▶ _What to do_
Once you find the line with "可以记录每天的咖啡、了解每日" in the entries below, print it and each line after it up to and including the line with "Cerca de las", exactly, without pictures.

▶ _Data shown_
--- START ---
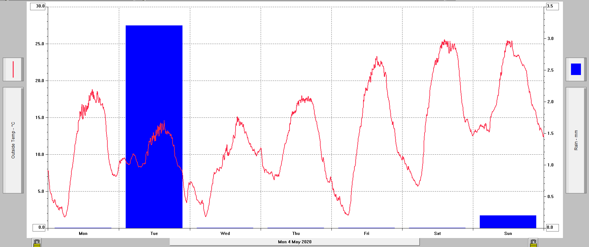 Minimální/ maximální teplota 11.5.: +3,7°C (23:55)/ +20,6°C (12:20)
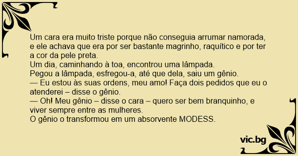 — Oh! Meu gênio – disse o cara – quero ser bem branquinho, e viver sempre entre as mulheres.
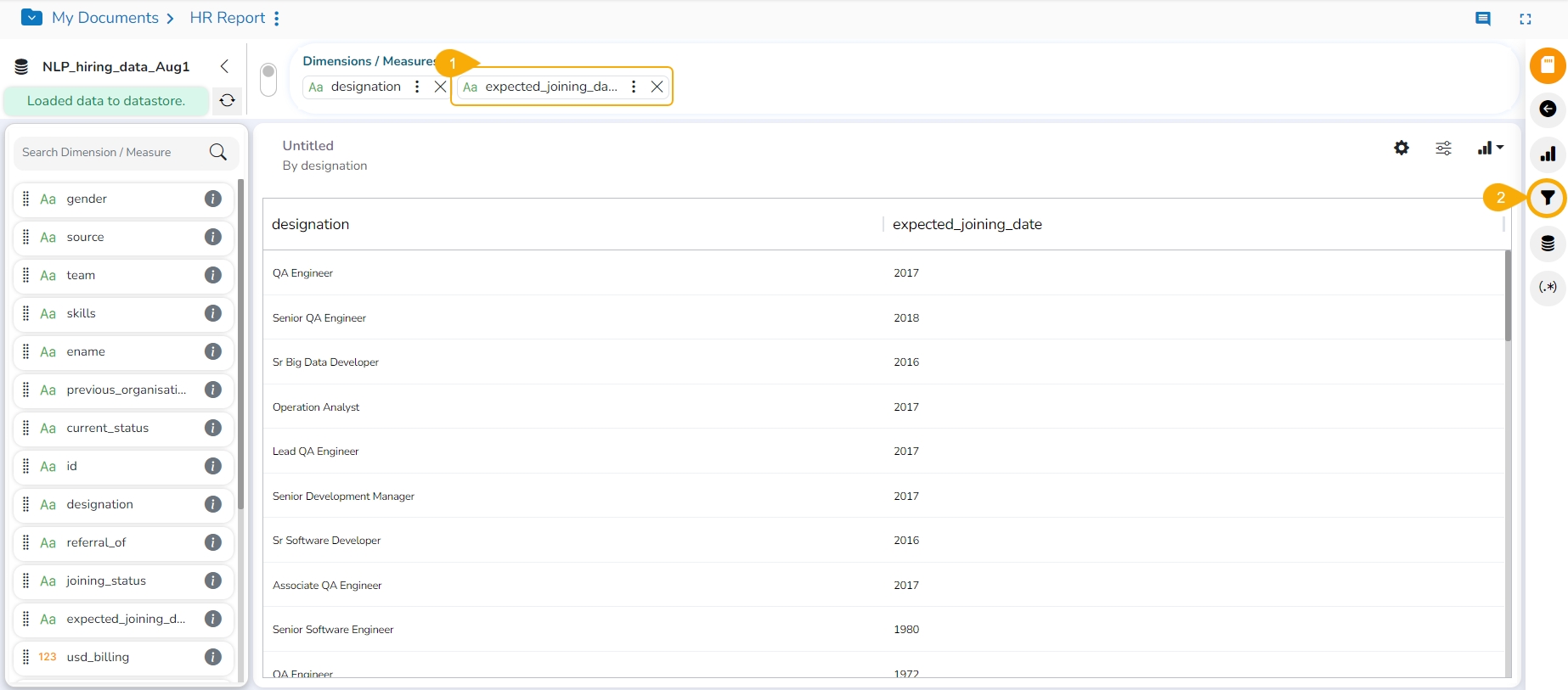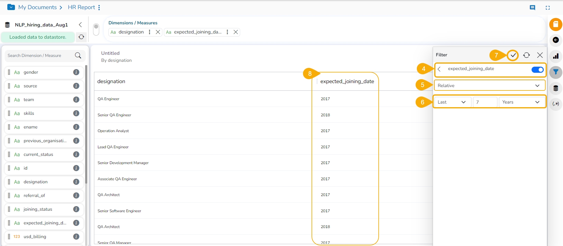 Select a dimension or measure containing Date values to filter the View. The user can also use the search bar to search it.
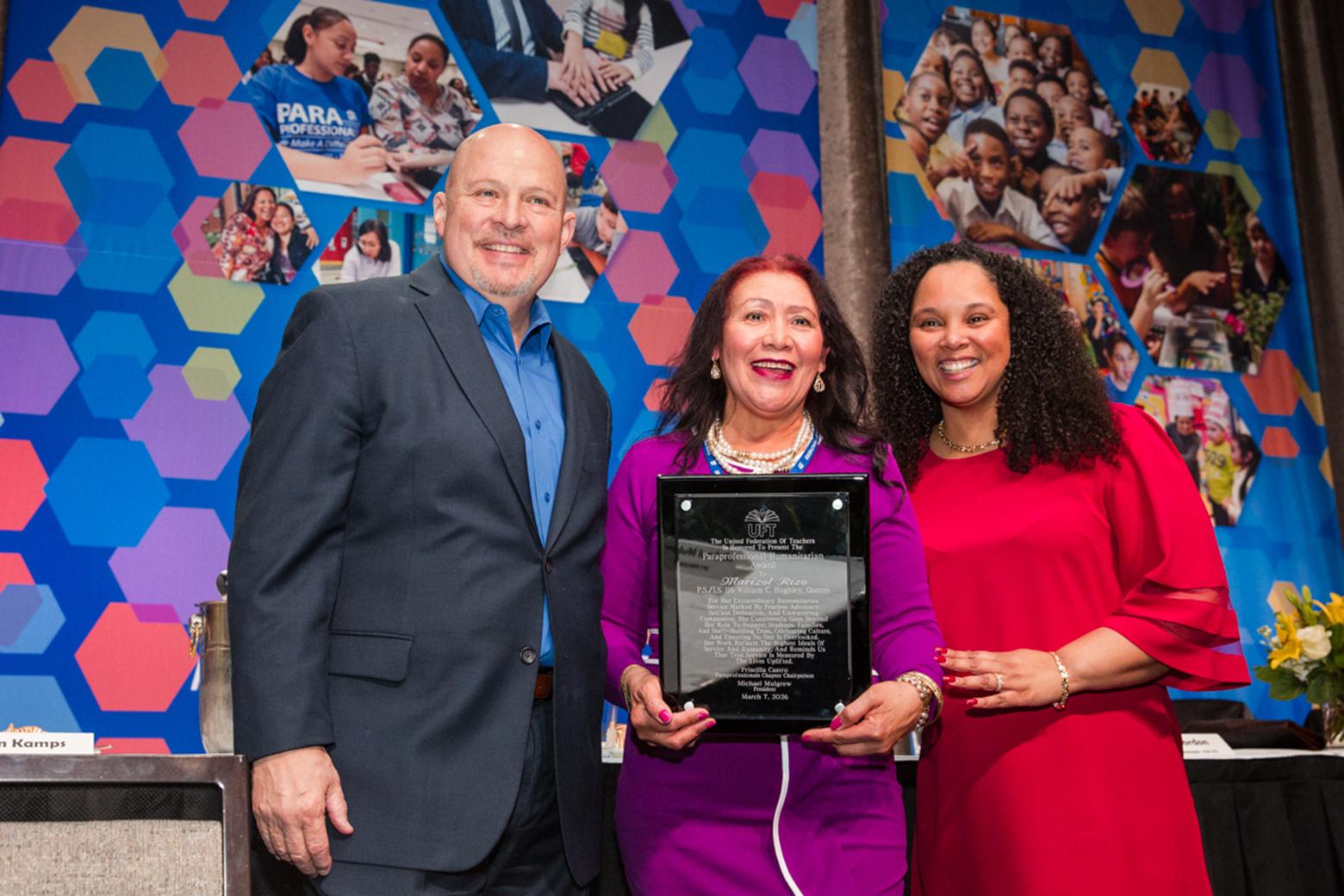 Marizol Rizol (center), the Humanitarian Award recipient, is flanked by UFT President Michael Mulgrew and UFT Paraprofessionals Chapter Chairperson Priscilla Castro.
--- END ---
--- START ---
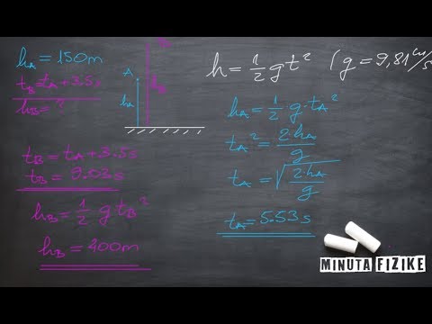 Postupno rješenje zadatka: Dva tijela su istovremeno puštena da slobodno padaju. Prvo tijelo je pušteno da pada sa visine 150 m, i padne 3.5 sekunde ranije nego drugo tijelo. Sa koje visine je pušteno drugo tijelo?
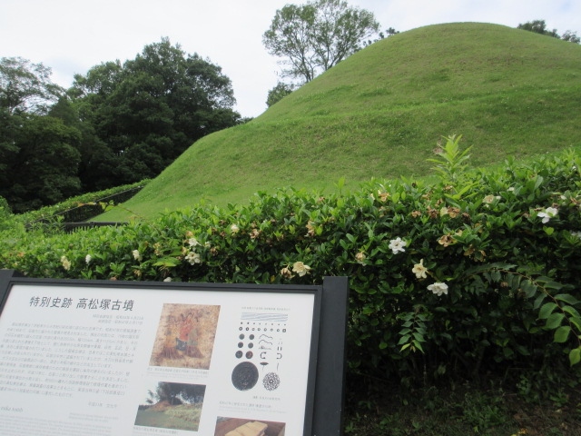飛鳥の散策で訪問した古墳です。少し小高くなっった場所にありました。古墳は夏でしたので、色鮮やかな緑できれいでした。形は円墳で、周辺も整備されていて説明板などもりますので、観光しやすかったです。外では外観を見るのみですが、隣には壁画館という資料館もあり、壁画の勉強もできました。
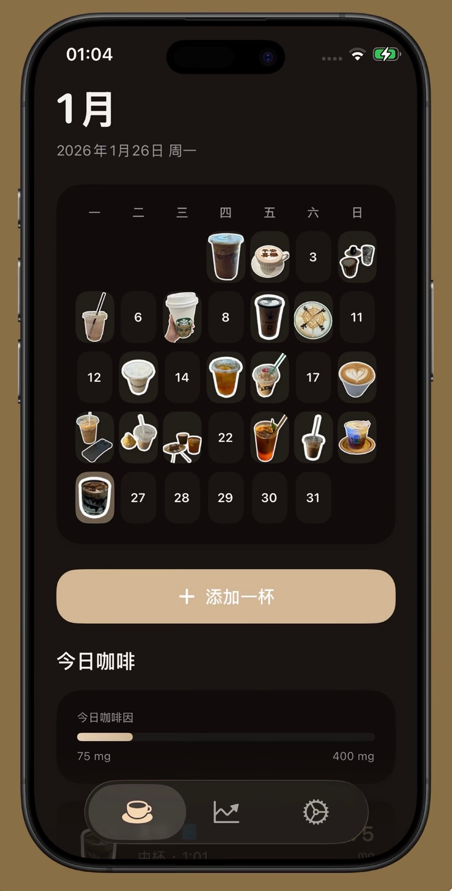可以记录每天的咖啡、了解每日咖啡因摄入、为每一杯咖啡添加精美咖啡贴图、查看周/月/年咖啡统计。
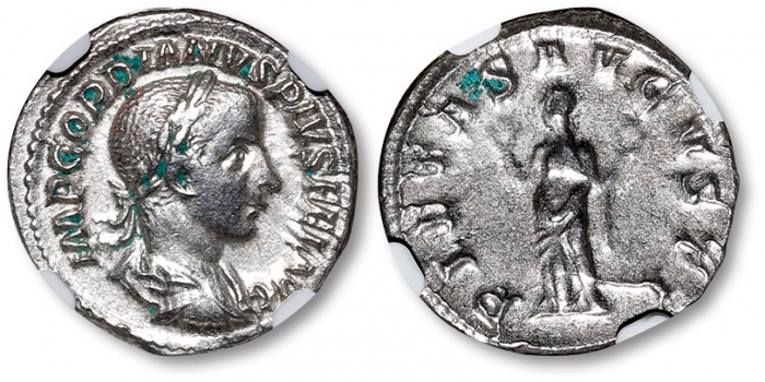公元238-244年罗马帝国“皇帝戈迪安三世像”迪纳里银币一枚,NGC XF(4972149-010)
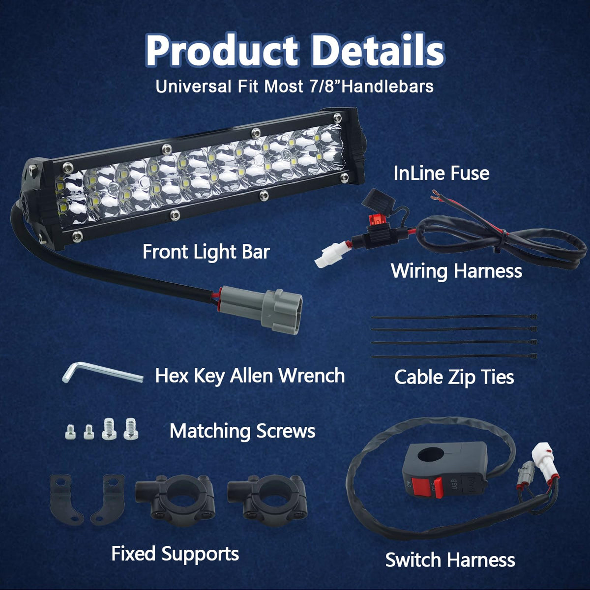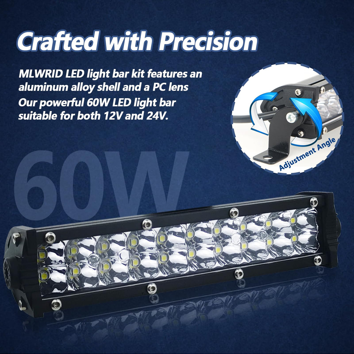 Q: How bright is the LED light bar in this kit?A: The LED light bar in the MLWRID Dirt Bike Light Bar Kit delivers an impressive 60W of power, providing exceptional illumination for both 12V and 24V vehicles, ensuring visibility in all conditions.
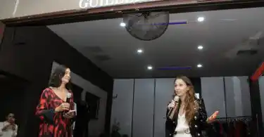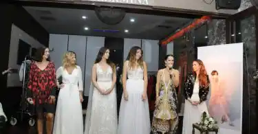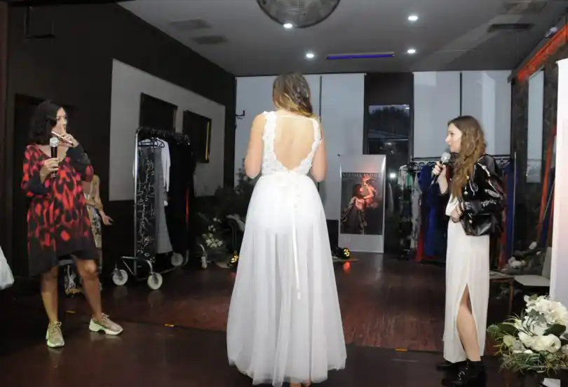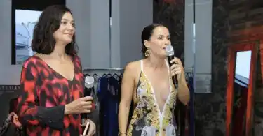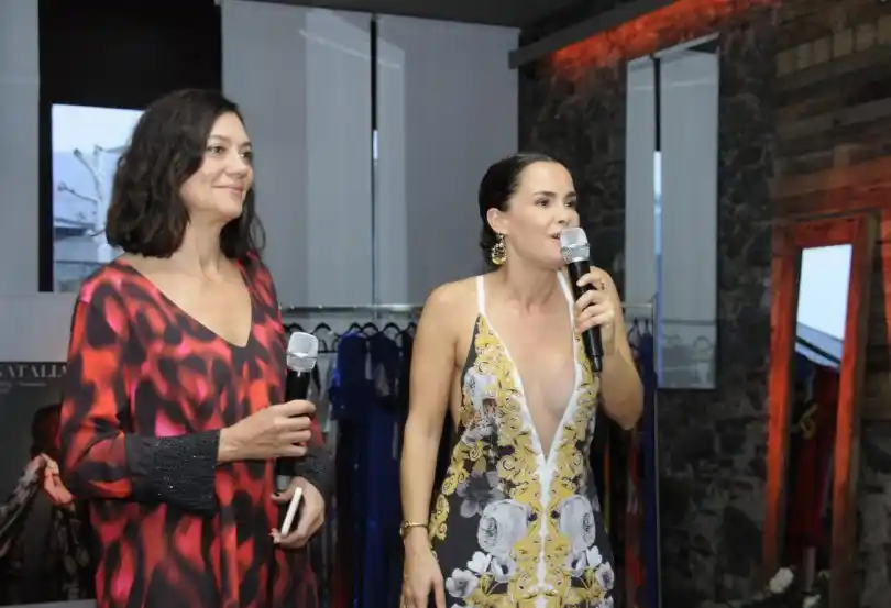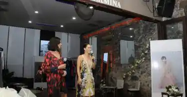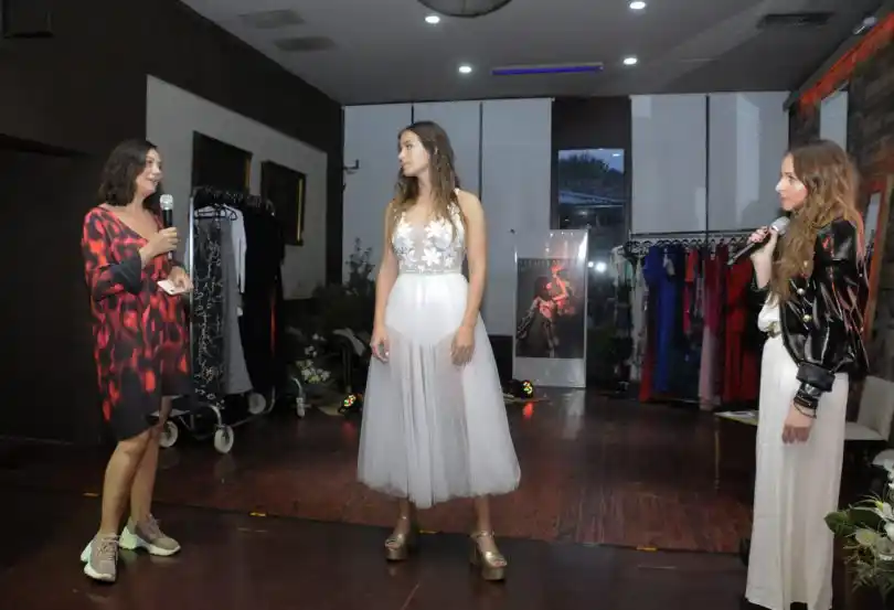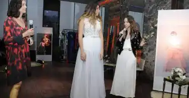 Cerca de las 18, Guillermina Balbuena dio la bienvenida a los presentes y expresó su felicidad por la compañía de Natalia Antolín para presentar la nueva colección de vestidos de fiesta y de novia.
--- END ---
--- START ---
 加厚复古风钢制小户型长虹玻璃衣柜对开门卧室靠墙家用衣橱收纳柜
--- END ---
▶ _Result of the exercise_
可以记录每天的咖啡、了解每日咖啡因摄入、为每一杯咖啡添加精美咖啡贴图、查看周/月/年咖啡统计。
公元238-244年罗马帝国“皇帝戈迪安三世像”迪纳里银币一枚,NGC XF(4972149-010)
 Q: How bright is the LED light bar in this kit?A: The LED light bar in the MLWRID Dirt Bike Light Bar Kit delivers an impressive 60W of power, providing exceptional illumination for both 12V and 24V vehicles, ensuring visibility in all conditions.
 Cerca de las 18, Guillermina Balbuena dio la bienvenida a los presentes y expresó su felicidad por la compañía de Natalia Antolín para presentar la nueva colección de vestidos de fiesta y de novia.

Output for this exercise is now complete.